In the previous, section we already defined a subset of weather stations of interest. The code below is copied from the previous section. Basically, we are interested in all weather stations in East Germany, which provide weather data on a monthly basis.
data(metaIndex)
states <- c(
"Sachsen", "Sachsen-Anhalt", "Mecklenburg-Vorpommern",
"Brandenburg", "Thueringen", "Berlin"
)
resolution <- "monthly"
variables <- "kl"
period <- "historical"
df_station <- metaIndex[metaIndex$Bundesland %in% states &
metaIndex$res == resolution &
metaIndex$per == period &
metaIndex$var == variables &
metaIndex$hasfile == TRUE, ]
The resulting data set consists of 279 weather stations.

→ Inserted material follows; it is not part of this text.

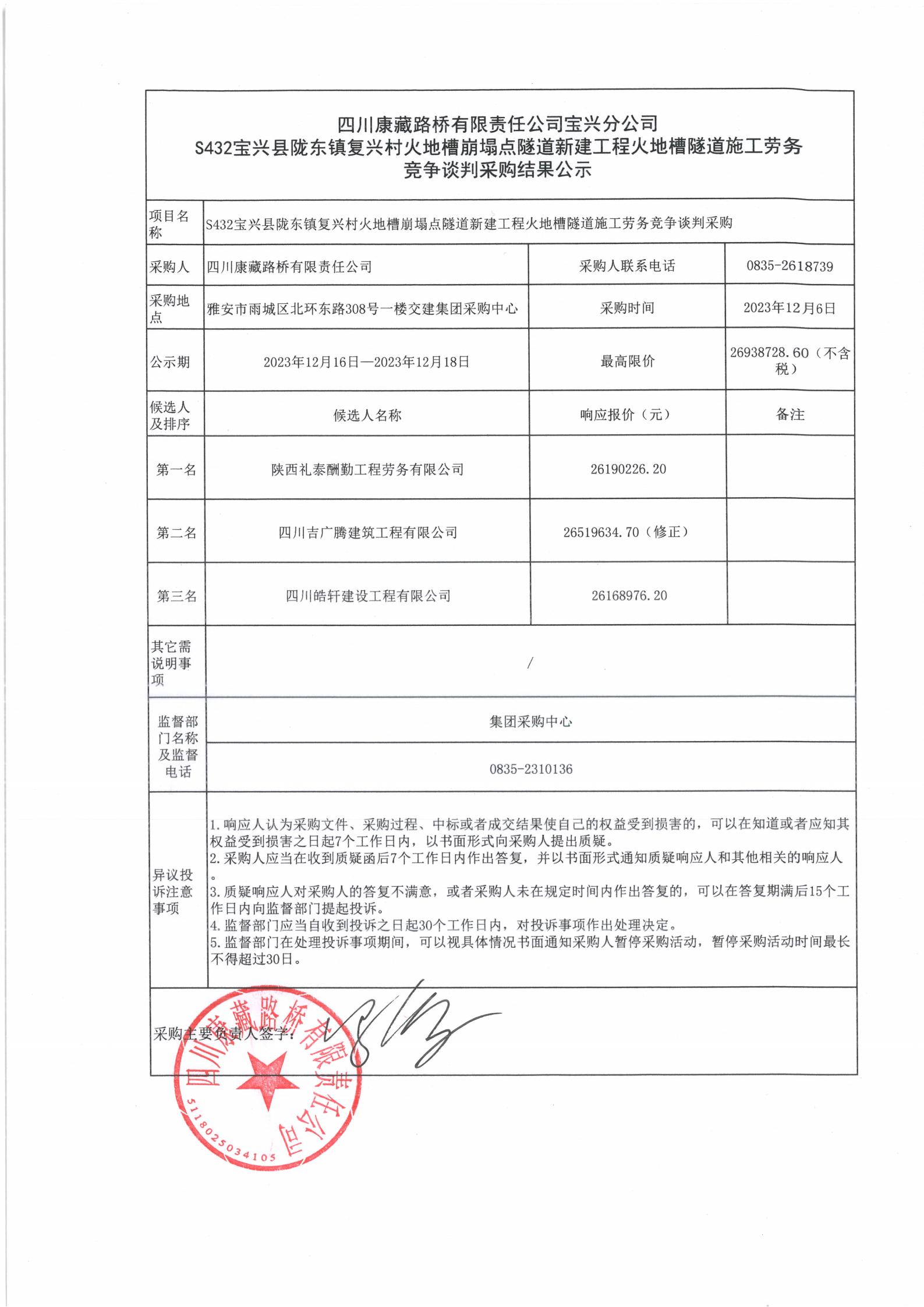 四川康藏路橋有限責任公司寶興分公司S432寶興縣隴東鎮(zhèn)復興村火地槽崩塌點隧道新建工程火地槽隧道施工勞務競爭談判采購結(jié)果公示

In the next step we download each of these weather stations, check
the data for completeness and extract the observational data for the
period 1981–2010. Finally we compute the mean annual rainfall and the
mean annual temperature and store this information in a
data.frame object together with the weather station
identifier (Station_id), the altitude
(Altitude), the geographical coordinates (Lat
and Lon), the name of the station (Name) and
the name of the federal state Federal_State, the weather
station is situated.
For our convenience we wrap the repetitive part of this procedure
into a function, denoted as download_dwd_data. Go through
the function defined below, read it line for line and try to figure out
what is happening.
download_dwd_data <- function(df,
res = "monthly",
var = "kl",
per = "historical",
RUN = TRUE, verbose = TRUE,
forceDownload = FALSE) {
##############################################
### FUNCTION TO DOWNLOAD DATA FROM THE DWD ###
##############################################
library(rdwd)
library(tidyverse)
library(lubridate)
if (RUN) {
## COLUMNS TO KEEP
df_column_names <- c(
"Stations_id", "Stationshoehe",
"geoBreite", "geoLaenge", "Stationsname",
"Bundesland"
)
df_result <- df[, df_column_names]
## RENAME COLUMNS
df_column_names_english <- c(
"Station_id", "Altitude", "Lat", "Lon",
"Name", "Federal_State"
)
colnames(df_result) <- df_column_names_english
## EMPTY COLUMNS TO STORE RESULTS
df_result["Rainfall"] <- NA
df_result["Temperature"] <- NA
## LOOP THROUGH STATIONS ##
for (j in 1:length(df$Stations_id)) {
if (verbose) {
## Write progress information to console
print(paste(
"Weather station", df[j, "Stationsname"], "--",
j, "out of", length(df$Stations_id)
))
}
## DOWNLOAD STATION DATA ##
## for detailed instructions type vignette("rdwd") into the console
tdir <- tempdir()
link <- selectDWD(
id = df$Stations_id[j],
res = res,
var = var,
per = per
)
file <- dataDWD(link,
read = FALSE,
dir = tdir,
quiet = TRUE,
force = forceDownload
)
clim <- readDWD(file)
clim["Date"] <- ymd(clim$MESS_DATUM_BEGINN)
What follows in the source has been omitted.